Data is all around us. In today’s globalized economy, some of the most basic things we do each day revolve around feeding us data about how we are living, the caloric index of the food we are eating, and the total distance or miles it takes to get somewhere. The clearest example of this is using Google maps on a regular basis. This technology has revolutionized travel. It has made drivers in the U.S., where, in most cities, car culture still dominates, reliant on Google maps, and the fastest travel routes to get to and from the office or to simply meet someone at a new restaurant.
We don’t think about it, but as consumers in the digital era, numbers and “data” are all around us, making us more susceptible to interpreting data to be of value, and to mean something, even if that’s not wholly the case.
The same can even be said with regard to online retailing during the Covid-19 pandemic. There has been a plethora of deals, exclusive offers, and so much more with regard to our favorite online retailers in the past few months. These offers make their way into clever email campaigns with time-sensitive deadlines and even the opportunity to open up new store credit cards online for quick savings. We might not realize it, but all of these numerical strategies represent new ways of handling data and an analytics team tinkering with what works and what doesn’t.
Mckinsey & Company reports that on the jobs side of things, companies are having a hard time finding the right talent trying to integrate data and analytics into their existing operations. “Approximately half of the executives across geographies and industries reported greater difficulty recruiting analytical talent than filling any other kind of role. Forty percent say retention is also an issue…”
Data Analytics for PhDs and Researchers
Data in this sense is as much a “disruptor” to the economy as it is a viable solution for numerically understanding the world and the people in it. It means that data, however large or small, needs to be de-coded, understood, and better yet, relative to other types of similar data. Comparing the performance data of a car salesman just doesn’t have much to do with the performance of a researcher's Citations metrics over the years.
In the case of Impactio, this is significant. One of the hallmark features of Impactio is the Metrics the service provides for academicians, and how they rank up to other academicians, whether in the hard or life sciences.
The data on Impactio reveals finer levels of distinctions for academics than ever before. In previous generations, PhDs were less common, and the way major academics were cited, or even heard of at the societal level was through grand accomplishments, or ones that were worthy of newspaper publications or more traditional media sources.
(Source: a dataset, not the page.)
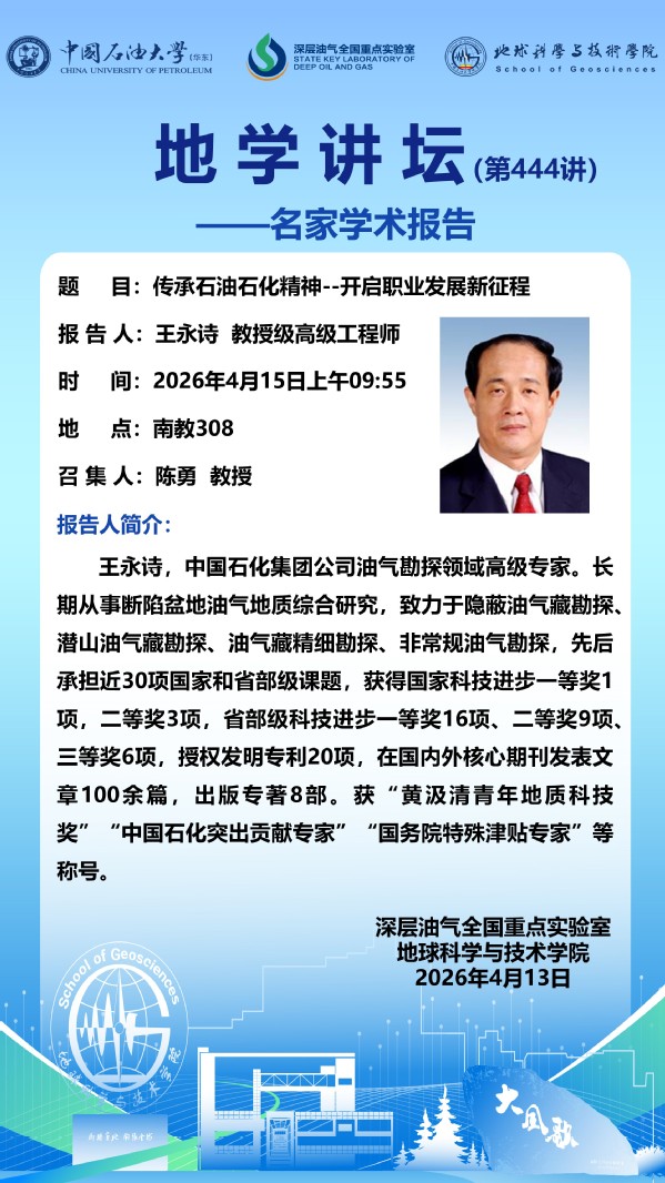 【地学讲坛第444讲】关于王永诗 教授级高级工程师《传承石油石化精神--开启职业发展新征程》学术报告的通知

Today’s Ecosystem of Data in Higher Ed
However, today, as is the case with Impactio, that is not the case. With just a quick search on the laboratory, a new User can find the research of an academic from across the globe, working on social science research on a completely new sub-field of Earth Science. Accordingly, a researcher can see other researchers' Citation Metrics, including how many times they have been cited, and the major journals they have been published in. They can also, for example, go on different sites such as LinkedIn, and see that such Citations metrics don’t exist, and understand that if an academician publicly hosts their publication data, it might as well be worth advertising. That, to come back to a previous point hinted at, is where the competition and true value of data comes in, as it relates to whole new frontiers.
This ecosystem of data does a good job spreading when candidates start to understand, just like viewers, that a lack of Citation Metrics (of course for a very niche audience still) might work against them ultimately.